Print version ISSN 0038-2353
S. Afr. j. sci. vol.104 n.5-6 Pretoria May./Jun. 2008
A. MoussaouiI, II, *; P. AugerI; M. KhaladiIII; N. GhoualiII
IIRD UR GEODES Centre IRD de l'Île de France, 32 Avenue Henri Varagnat, 93143 Bondy Cedex, France
IIDépartement de mathématiques, Faculté des Sciences, Université Aboubekr Belkaid-Tlemcen, Algeria
IIIDépartement de Mathématiques, Faculté des Sciences Semlalia, Université Cadi Ayyad de Marrakech, Morocco
We present a multiregional Leslie matrix population model for an age-structured population in a heterogeneous environment of patches connected by migrations. The aim of the model is to take into account the time of residence of individuals in the patches. We present an application of the model in ecotoxicology. We consider a population located on two patches with a polluted patch whereas the other one is unpolluted. We study the effects of pollutant concentration and of the time of residence in the polluted patch on the global population growth rate. The model could be generalized to the case of N patches (N > 2) for Salmo trutta and cadmium concentration.

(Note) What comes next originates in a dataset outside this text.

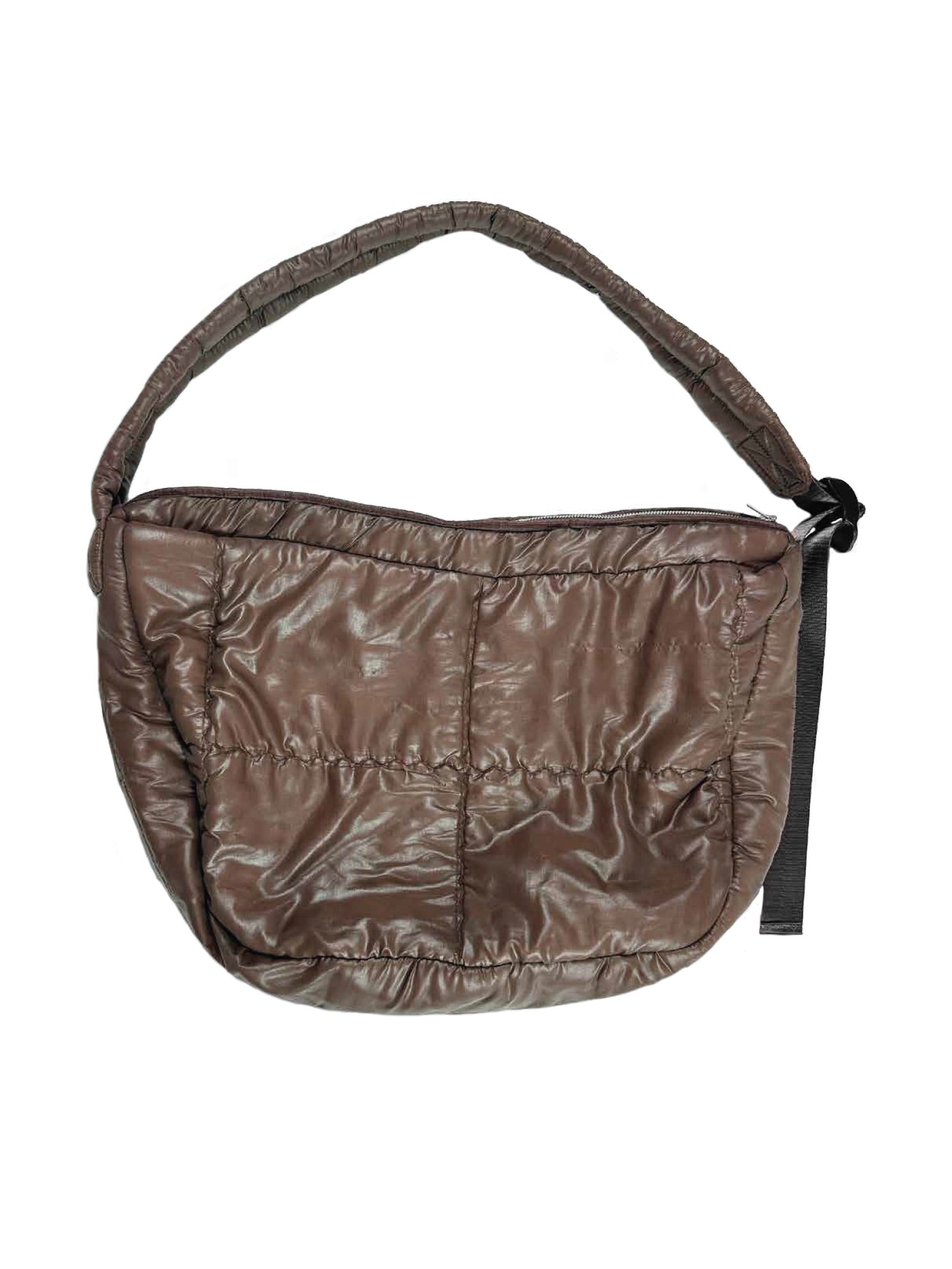 Crafted from repurposed sleeping bags, this durable and lightweight bag is designed to fit your laptop and daily essentials. It features an adjustable, padded strap for comfort, a secure zipper closure, and a sturdy lining made from reclaimed tent materials. Inside, a built-in pocket helps keep your belongings organized—perfect for work, travel, or everyday use.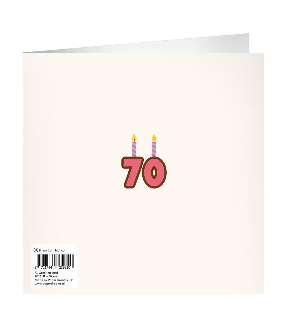 XL Greeting cards - 70 jaar is de perfecte kaart om te versturen als er iemand 70 wordt. Niet alleen het leuke design zal opvallen bij de ontvanger, ook de grote afmeting van ongeveer 23 x 23 centimeter is gewoon niet te missen!

Structured population models of discrete type have received varying degrees of attention. Ecologists, mathematicians and population biologists have observed that structure variables provide more realistic results than global models at reasonable computational expenses for a wide variety of biological populations. For example, biologists have observed that most exploited fish populations migrate or are confined to some preferential habitats at certain stages of their life cycle. Fishermen may follow some of these spatial and seasonal patterns, in which case the spatio-temporal distribution of fishing effort is closely tied to that of fish abundance.1 We therefore need a state vector giving the number of individuals of different ages and at different locations. A list of ecological applications can be found in refs 24.
Most animal species exploit resources distributed in discrete patches in the environment, and natural selection should favour individuals that exploit such patchily distributed resources most efficiently. In this context, optimal foraging theory predicts that animals should optimize their patch residence time to maximize the rate at which resources are encountered and exploited.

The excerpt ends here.